Mutations in the HBsAg loop of a reactivated HBV variant. The complicated folded loop forms the surface of HBV and HBsAg particles. The exact topology and three-dimensional shape of the loop are unknown. One circle corresponds to one amino acid in the single letter code of the normal (wildtype) HBV, each square to a mutation. The boxed-in part is named a-determinant and is believed to be immunodominant, but immune escape induced mutations occurred in the entire HBsAg loop. Yellow (shaded) squares cause the loss of an immunodominant HBsAg subtype determinant. This variant replicated in a patient receiving lymphoma therapy. The patient was anti-HBc and anti-HBs positive before the immunosuppressive lymphoma therapy and developed severe acute hepatitis B after end of the therapy due to immunopathogenesis against the variant which had become abundant under immunosuppression. The serum from the acute reactivated hepatitis B phase had a high virus load, but was HBsAg negative in all assays.

Figure 9

Life cycle of HBV. Attachment to liver-specific receptors (heparansulfate proteoglycan and NTCP, see text) leads to endocytosis of HBV and release of HBV core particles. These are transported to the nucleus and arrested at the nuclear pore complex where the HBV genome is released to the nucleus.
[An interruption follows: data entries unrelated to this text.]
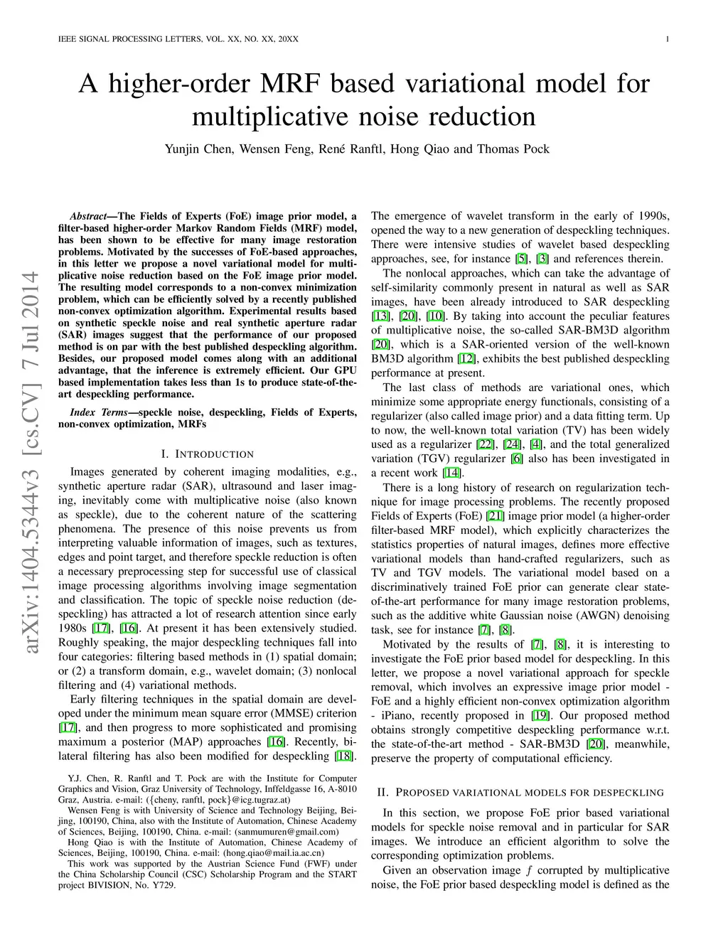 The Fields of Experts (FoE) image prior model, a filter-based higher-order Markov Random Fields (MRF) model, has been shown to be effective for many image restoration problems. Motivated by the successes of FoE-based approaches, in this letter, we propose a novel variational model for multiplicative noise reduction based on the FoE image prior model. The resulted model corresponds to a non-convex minimization problem, which can be solved by a recently published non-convex optimization algorithm. Experimental results based on synthetic speckle noise and real synthetic aperture radar (SAR) images suggest that the performance of our proposed method is on par with the best published despeckling algorithm. Besides, our proposed model comes along with an additional advantage, that the inference is extremely efficient. {Our GPU based implementation takes less than 1s to produce state-of-the-art despeckling performance.}
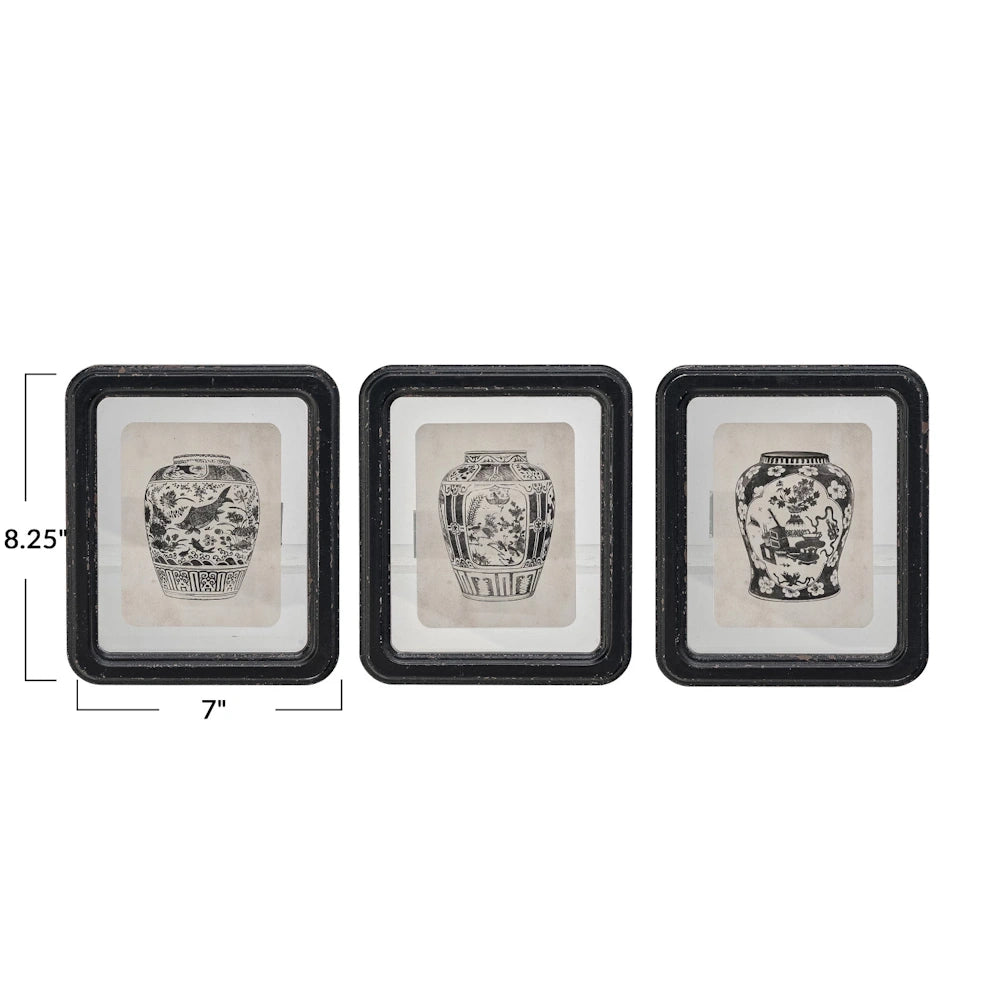 Available in three beautiful styles, each piece features a delicate vase design printed on glass and framed in natural wood for a soft, contemporary touch.
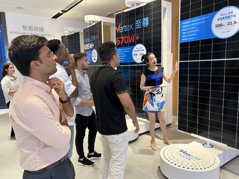 会前,讲解员带领师生参观了企业发展历程、主线产品、项目建设、海外业务情况陈列馆。天合光能作为一家上市公司,是一家全球领先的光伏智慧能源整体解决方案提供商,主要业务包括光伏产品、光伏系统、智慧能源三大板块。
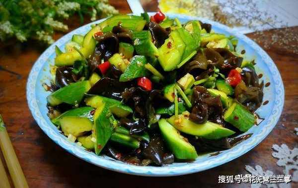 做它的时候,先提前把木耳泡发,然后清洗备用;再把黄瓜洗净,切掉头尾的部分,用刀背拍扁切小块儿。所有食材呈在一个大碗里,加点蒜末、小米辣,放适量生抽、盐、蚝油和醋,搅拌均匀装盘即可。
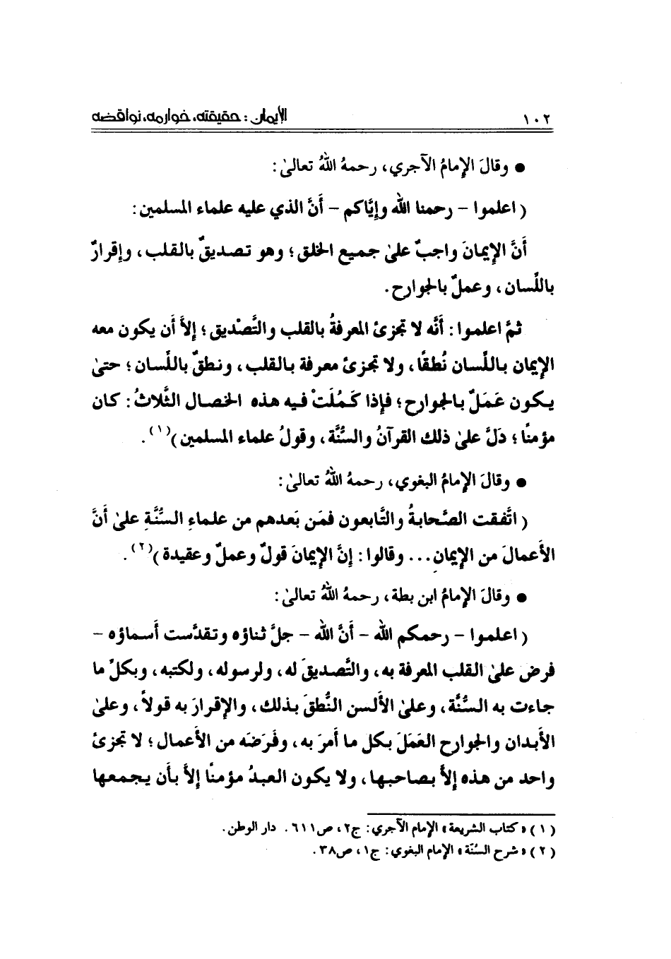 كتاب الإيمان حقيقته، خوارمه، نواقضه عند أهل السنة والجماعة
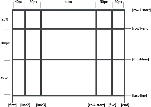 grid-template-rows: [row1-start] 25% [row1-end] 100px [third-line] auto [last-line];
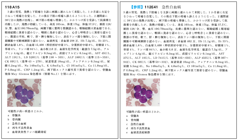 例えば、 116A23は 112A16できちんと見ていれば細胞質にアズール顆粒、Auer小体を認める細胞の増加を認めることから『急性前骨髄球性白血病(APL)』であることがわかるので、治療法を聞いている問題は瞬殺であった。
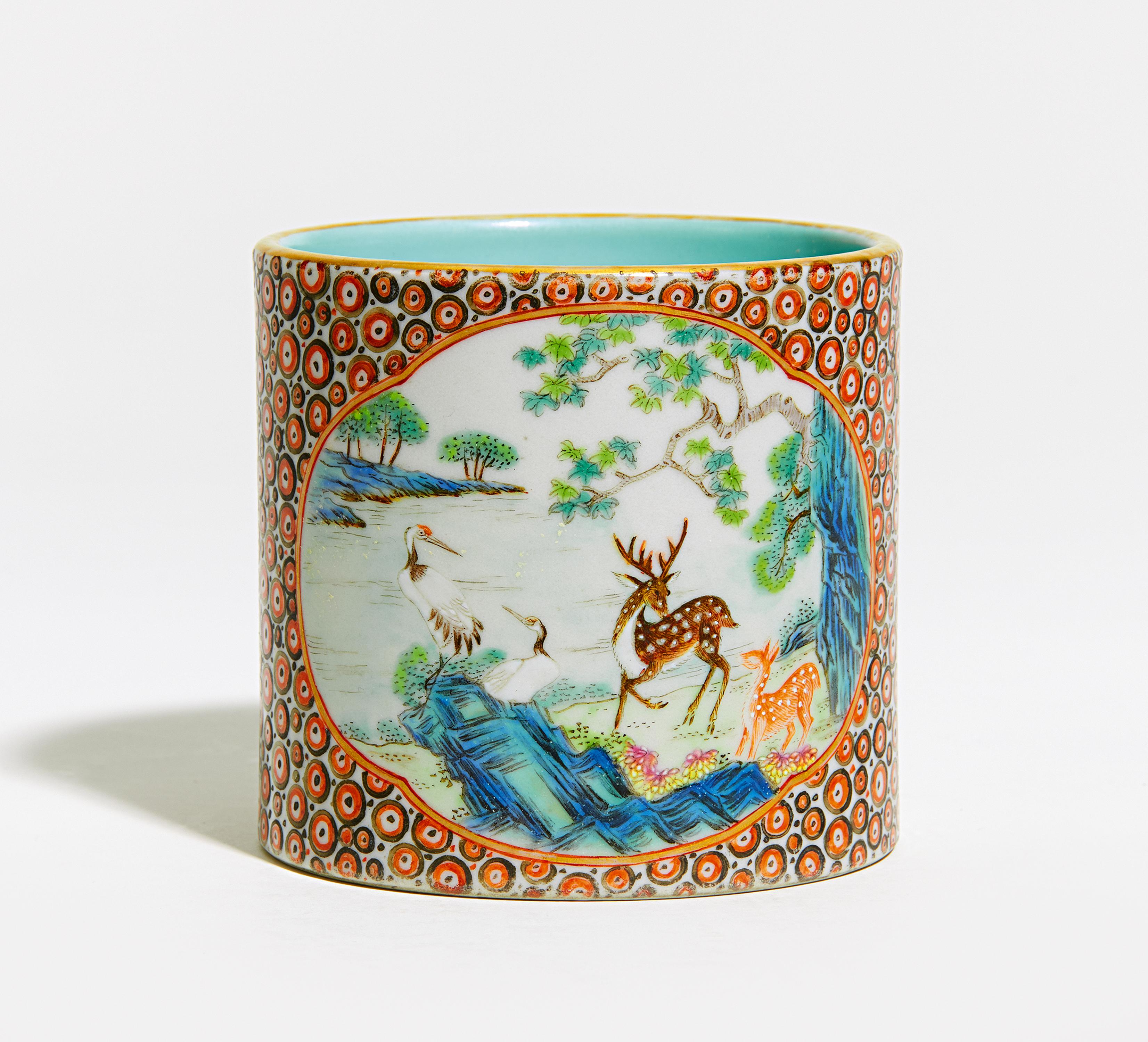 KLEINER PINSELBECHER MIT ZIEGEN UND HIRSCHEN.

In the nucleus, the viral DNA is “repaired” to the covalently closed circular (ccc) DNA and complexed with nucleosomes (not shown). In interaction with transcription factors (not shown), the ccc DNA is transcribed to the pregenomic and subgenomic mRNAs. The mRNAs are transported, mainly without splicing, to the cytoplasm. The two subgenomic mRNAs for the three HBs proteins are translated at the endoplasmic reticulum, assemble to subviral HBsAg particles and are secreted via the Golgi apparatus. In parallel, the pregenomic mRNA is translated in the cytosol to the HBV core protein and the viral polymerase, whereby the three components assemble to the immature core particle. The HBV genomes mature within the core particles via reverse transcription of the pregenomic mRNA to DNA. The mature core particles can migrate again to the nuclear pore complex or are enveloped by the surface proteins and secreted via the multivesicular bodies (MVB).